The bottom line is that relatively large and rapid falls in oil demand in the OECD North, and sustained demand increase by NICs and LICs can be expected whenever oil prices break through the current, artificially low range of no more than $30-$35/bbl in 2003 dollars. On a composite base, and depending on exactly how far oil prices rise, net world demand can likely increase when or if oil prices rise to levels extending up to $60-per-barrel or perhaps more.
Conclusions
For various economic doctrinal and economic mythical 'reasons' Cheap Oil is seen by the decisionmaking elite in the richer nations as the 'passport to economic growth'. This is a pure fantasy.
Since about 1995 'demand shock' has begun to operate in the world economy for a number of reasons, leading to considerably higher underlying growth rates of world oil demand.
Cheap oil and energy underpin the service oriented 'globalized' economy which drives the urban-industrial reference format, model and framework for economic development and social progress anyplace in the world. This in turn is a powerful motor for continued and strong demand growth for fossil energy, worldwide. Upward potential for personal consumption of fossil fuels is essentially unlimited in this context.

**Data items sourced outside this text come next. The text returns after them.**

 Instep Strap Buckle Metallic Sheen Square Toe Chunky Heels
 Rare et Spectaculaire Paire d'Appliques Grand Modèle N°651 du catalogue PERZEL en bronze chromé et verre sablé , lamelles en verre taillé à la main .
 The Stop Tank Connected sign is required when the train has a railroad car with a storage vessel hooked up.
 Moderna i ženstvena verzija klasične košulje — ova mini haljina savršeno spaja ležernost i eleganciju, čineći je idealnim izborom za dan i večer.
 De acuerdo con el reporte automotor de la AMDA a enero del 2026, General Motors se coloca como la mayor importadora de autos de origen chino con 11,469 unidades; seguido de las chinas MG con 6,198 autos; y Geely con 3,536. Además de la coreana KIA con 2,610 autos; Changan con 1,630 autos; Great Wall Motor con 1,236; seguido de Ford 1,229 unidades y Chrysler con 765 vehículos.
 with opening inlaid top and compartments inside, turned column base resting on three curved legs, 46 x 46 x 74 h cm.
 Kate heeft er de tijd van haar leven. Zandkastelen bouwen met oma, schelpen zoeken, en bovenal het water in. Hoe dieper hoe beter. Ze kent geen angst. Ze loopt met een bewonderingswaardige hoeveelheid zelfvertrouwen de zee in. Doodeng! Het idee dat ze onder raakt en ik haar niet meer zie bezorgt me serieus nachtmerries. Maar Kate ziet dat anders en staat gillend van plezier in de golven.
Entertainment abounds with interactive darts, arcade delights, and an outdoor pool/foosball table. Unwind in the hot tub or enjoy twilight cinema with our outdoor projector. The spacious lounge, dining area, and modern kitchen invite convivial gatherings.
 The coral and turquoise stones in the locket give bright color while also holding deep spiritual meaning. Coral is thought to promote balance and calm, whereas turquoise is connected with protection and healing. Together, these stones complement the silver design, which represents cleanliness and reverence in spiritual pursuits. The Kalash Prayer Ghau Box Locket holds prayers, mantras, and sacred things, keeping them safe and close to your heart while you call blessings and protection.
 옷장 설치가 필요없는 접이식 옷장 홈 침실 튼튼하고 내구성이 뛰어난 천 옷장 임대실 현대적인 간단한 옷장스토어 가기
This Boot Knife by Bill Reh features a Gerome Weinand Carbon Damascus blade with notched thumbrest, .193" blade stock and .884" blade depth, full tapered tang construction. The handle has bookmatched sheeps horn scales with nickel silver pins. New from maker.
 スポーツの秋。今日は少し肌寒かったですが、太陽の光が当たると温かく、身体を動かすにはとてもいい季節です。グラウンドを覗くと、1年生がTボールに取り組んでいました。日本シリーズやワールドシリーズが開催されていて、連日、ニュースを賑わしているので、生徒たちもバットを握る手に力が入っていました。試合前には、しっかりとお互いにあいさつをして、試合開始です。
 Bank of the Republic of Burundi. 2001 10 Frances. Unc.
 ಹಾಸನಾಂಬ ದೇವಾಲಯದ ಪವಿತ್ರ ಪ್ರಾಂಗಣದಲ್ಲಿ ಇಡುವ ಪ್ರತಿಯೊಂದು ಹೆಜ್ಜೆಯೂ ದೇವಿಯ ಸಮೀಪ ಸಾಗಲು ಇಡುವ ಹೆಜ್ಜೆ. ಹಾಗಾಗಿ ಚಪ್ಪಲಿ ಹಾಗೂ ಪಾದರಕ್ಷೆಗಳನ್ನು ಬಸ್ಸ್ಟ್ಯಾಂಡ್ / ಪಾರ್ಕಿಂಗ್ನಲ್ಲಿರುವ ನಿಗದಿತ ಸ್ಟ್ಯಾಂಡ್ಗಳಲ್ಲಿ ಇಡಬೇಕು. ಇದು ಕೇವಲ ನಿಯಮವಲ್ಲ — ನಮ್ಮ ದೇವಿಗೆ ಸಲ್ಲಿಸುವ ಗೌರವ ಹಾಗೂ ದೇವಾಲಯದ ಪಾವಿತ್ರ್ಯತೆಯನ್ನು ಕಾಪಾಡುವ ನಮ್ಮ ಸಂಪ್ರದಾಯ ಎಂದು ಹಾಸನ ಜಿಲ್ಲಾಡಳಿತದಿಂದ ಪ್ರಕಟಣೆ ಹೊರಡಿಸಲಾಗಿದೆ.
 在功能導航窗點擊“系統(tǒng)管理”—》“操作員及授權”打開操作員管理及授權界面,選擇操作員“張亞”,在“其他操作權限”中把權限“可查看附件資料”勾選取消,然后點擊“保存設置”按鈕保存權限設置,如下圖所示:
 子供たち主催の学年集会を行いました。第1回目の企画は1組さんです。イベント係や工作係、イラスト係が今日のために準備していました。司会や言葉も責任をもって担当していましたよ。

Physical depletion is either rejected or ignored as a price setting factor for oil and gas. Concerning oil there is mounting evidence that net additional production capacity is decreasing every year and may soon fall below the product of new capacity demand + annual lost capacity. By 2008 the world oil market may enter a situation of structural supply deficit. Before that period demand growth, and loss of capacity through accidents, stoppages or sabotage may produce recurring price 'spikes'.
In the case of conventional or classic economic growth, this will be enabled and facilitated at the world or 'composite' level by rising oil prices up to high price levels, probably above $60/barrel in today's dollars.
Also because of depletion, but in addition because of environment and climate limits, energy transition away from fossil fuels must and will happen. Price signals, in the existing economic system and framework, are needed if this is to start, and to build from the immediate near term. Existing and developing frameworks provide by the Kyoto Treaty offer some potential for adaptation and direction to the task and goals of energy transition.